From Shakespeare to Shia LaBeouf: A History of Game-Changing Headwear

Deadline Hollywood
Deadline Hollywood

Last Sunday, Shia LaBeouf appeared on the red carpet of the Berlin Film Festival to promote his film “Nymphomaniac: Part One,” making headlines by sporting a paper mask emblazoned with the words “I AM NOT FAMOUS ANYMORE” in black paint. To show solidarity with what we believe to be a profound performance art piece, one that demonstrates the ironic decline in fame an actor/actress experiences after doing their first Lars-Von-Trier-directed hardcore sex scene, we compiled a list of history’s most noteworthy game-changing headwear.

October 29, 1492: Christopher Columbus takes off his tri-corner hat before contracting syphilis from a native woman of the island of Hispaniola. The hat would later be hailed as a totem by the native peoples before its original owner raped and pillaged the New World.
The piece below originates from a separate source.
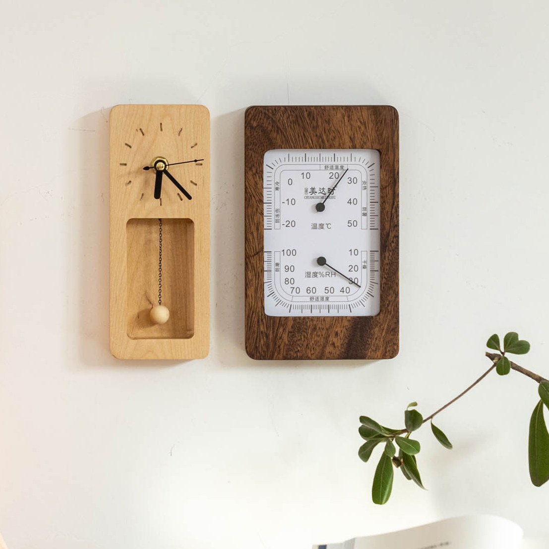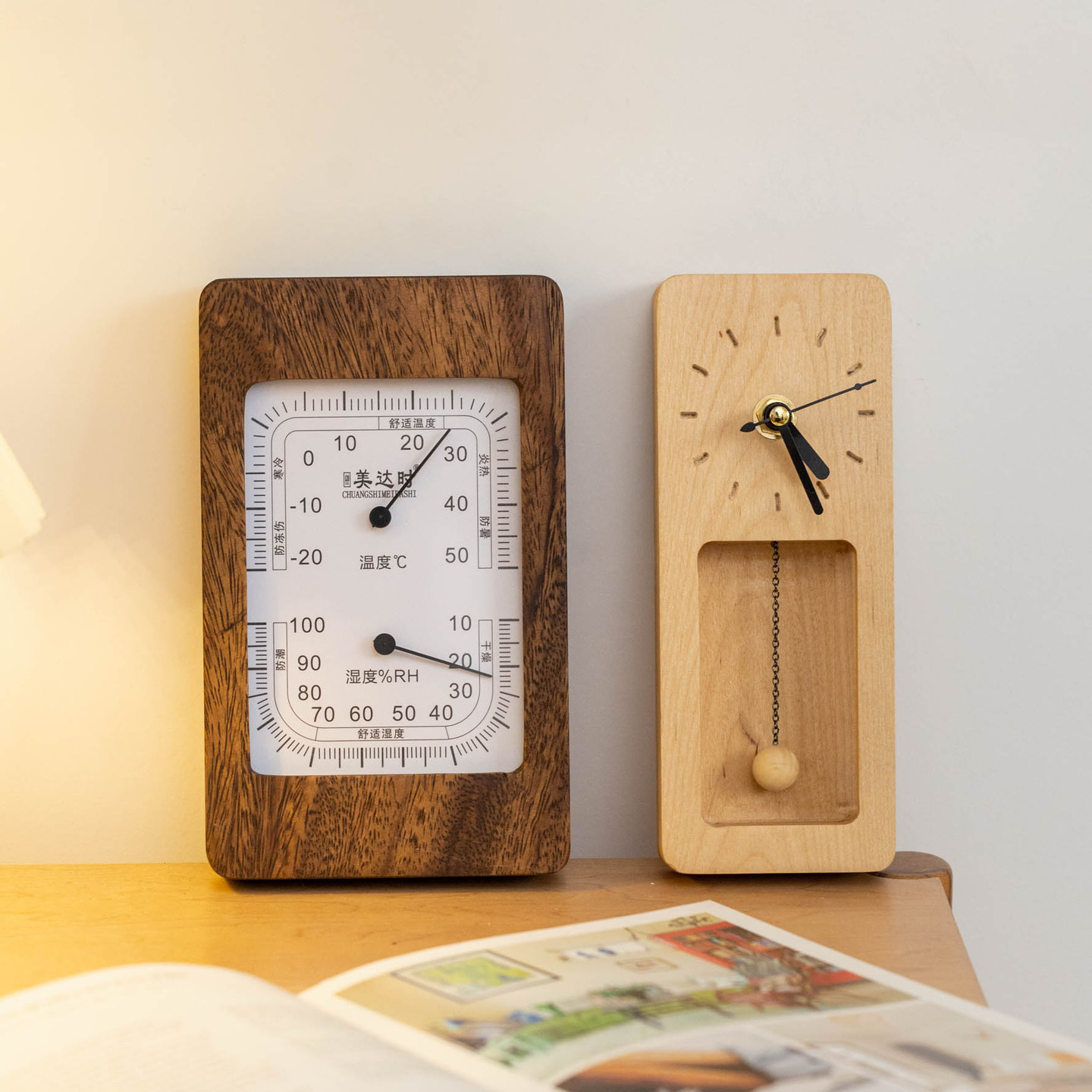 📚 简约实木钟表温湿计摆放式客厅挂钟轻奢高级感家用复古静音时钟

July 7, 1600: Playwright William Shakespeare puts a foppish peacock feather in his hat for an official portrait and decides to keep it there for the rest of his life. When superfan Queen Elizabeth I sees him, she comments to the Royal Guard: “Doth he realize?”

April 15, 1865: Due to a strictly enforced measure that forbade any attendee of the Ford’s theatre from wearing a stovepipe hat taller than his own that night, President Abraham Lincoln inadvertently made himself an easy target for John Wilkes Booth.

April 3, 1948: Frank Sinatra dons a fedora on the way to a recording session in Manhattan, marking an apex of coolness that would be soured over the next few decades by Seattle hipsters and redditing neckbeards.

March 17, 1952: Carmen Miranda prevents scurvy and stops a high speed chase while walking down Rodeo Drive. Later, nutritionists would pronounce this “the most important day in the history of fruit-based fashion.”

September 8, 1963: Cool kid Jimmy Martin walks into Mrs. Washington’s third grade class wearing his baseball cap backwards. The next day, the other twelve boys in the class would do the same, forcing Mrs. W. to pass a “No Backwards Hats” rule and solidifying Martin as both a rebel and a trendsetter.

May 25, 1992: Billy Ray Cyrus puts on a Stetson cowboy hat to perform one of the worst songs of all time in a sold-out Philadelphia concert. John Wayne turns over in his grave.

September 12, 2010: Lady Gaga attracts a group of stray dogs as she walks the red carpet at the 2010 MTV Video Music Award wearing a raw flank steak on her head. Later, in a highly publicized act of charity, Ms. Gaga would give the headwear to Tito, a taco truck operator near the Nokia Theater, who would then turn it into a killer carne asada soft taco.

January 26, 2014: Pharrell Williams wears the ever-controversial Sorting Hat to the 56th Annual Grammy Awards. During the ceremony, Pharrell’s hat would assign Sara Bareilles to Hufflepuff, Vampire Weekend front man Ezra Koenig to Ravenclaw, Macklemore & Ryan Lewis to Gryffindor, and Lorde to Slytherin.